Relapse into Stalinism
An attempt by the political police to regain its former position cannot be ruled out. The decree of amnesty and the exposure of the ‘doctors' plot’ have been major moves in an intense struggle which is still in progress. As these lines are written a new indication of its scope becomes apparent. The former Minister of State Security in Soviet Georgia and several high officials of the Ministry have been arrested and charged with violation of constitutional rights of citizens and extortion of confessions. The local leaders of the party have been deposed for connivance.
The arrested Georgians have obviously been allies and subordinates of the die-hards of Stalinism defeated in Moscow. But the defeated faction has its allies and subordinates in each of the sixteen Soviet Republics. Each provincial capital has had its Ignatievs and Riumins who are now being removed from office, transferred to prison, an
d charged not as terrorists or spies, but as men guilty of violating the constitutional rights of citizens. Thus, the transition from one regime to another is being carried out by a series of moves amounting to rather more than a mere palace revolt and less than a real revolution.
In the 1930's Trotsky advocated a ‘limited political revolution’ against Stalinism. He saw it not as a fully fledged social upheaval but as an ‘administrative operation’ directed against the chiefs of the political police and a small clique terrorizing the nation. As so often, Trotsky was tragically ahead of his time and prophetic in his vision of the future, although he could not imagine that Stalin's dosest associates would act in accordance with his scheme. What Malenkov's government is carrying out now is precisely the ‘limited revolution’ envisaged by Trotsky.

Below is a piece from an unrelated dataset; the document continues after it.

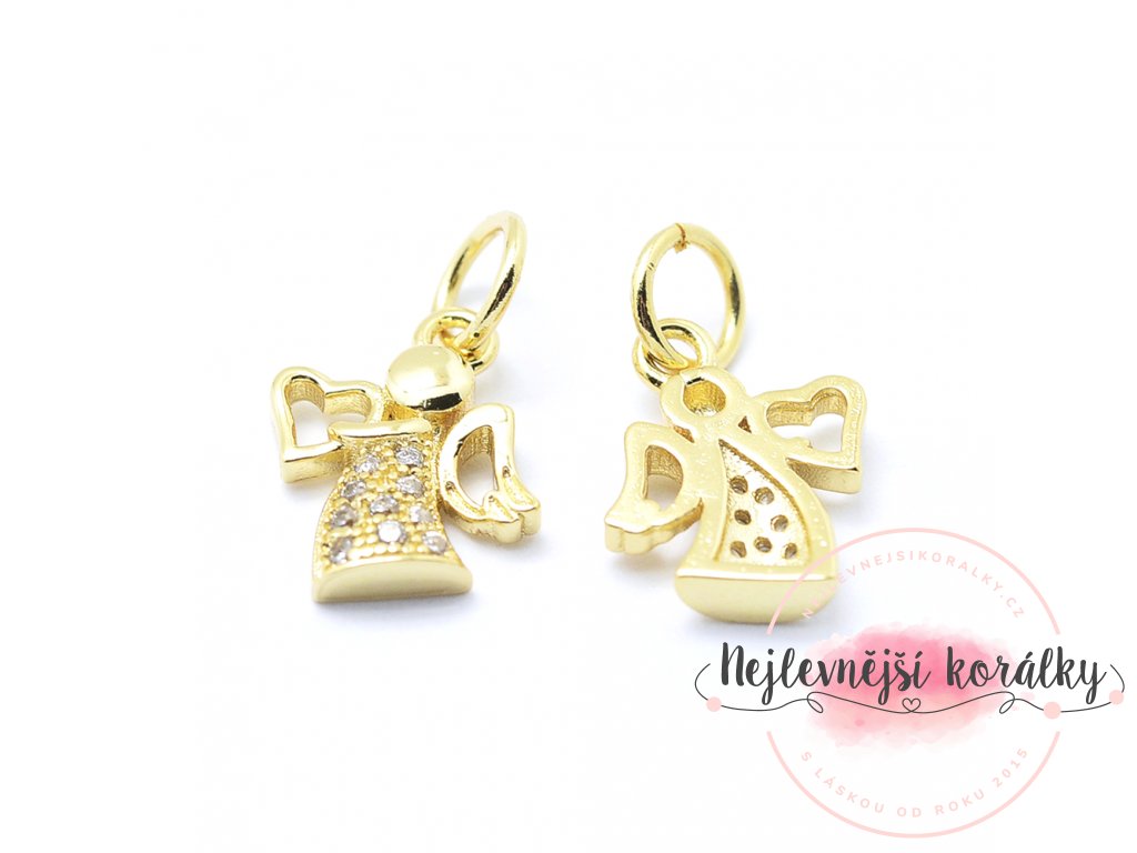 Mosazný přívěsek s kubickými zirkony - zlatý - anděl - 12 x 9,5 x 2 mm - 1 ks

The die-hards of the security police may still try to rally and fight to save their skins. They may fight back from the provinces and they may try to regain the ground lost in Moscow. They may have influential associates and accomplices inside the Kremlin. They may try to remove Malenkov and his associates, denouncing them as apostates, secret Trotskyite-Bukharinites, and imperialist agents and presenting themselves as Stalin's only true and orthodox heirs.

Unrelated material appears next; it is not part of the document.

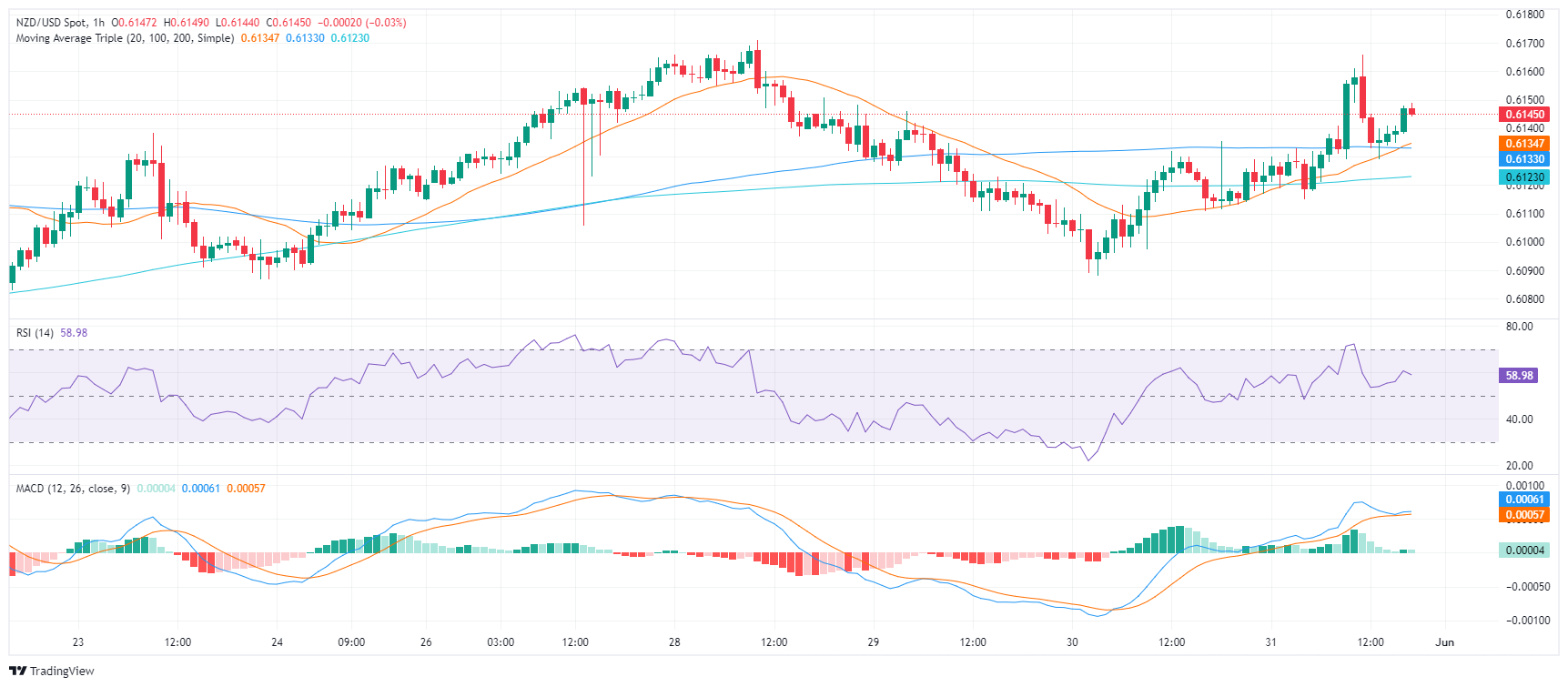 纽元/美元出现上涨,最高上探至0.6160,随后在0.6145企稳,进入盘整阶段。

Even if such a coup were successful, which is improbable, the restoration of Stalinism could be only a brief episode. The motives that caused men of Stalin's entourage to initiate a break with his era would continue to operate. Those motives spring from the present State and needs of the nation and are certainly shared by too many people to be defeated by the removal of a few personalities. Even if Malenkov were to be assassinated, others would fill his place. The political police is morally isolated. It has always been hated and feared. It is now hated more and feared less than ever. It has no chance of asserting itself against the combined strength of people, government, and party.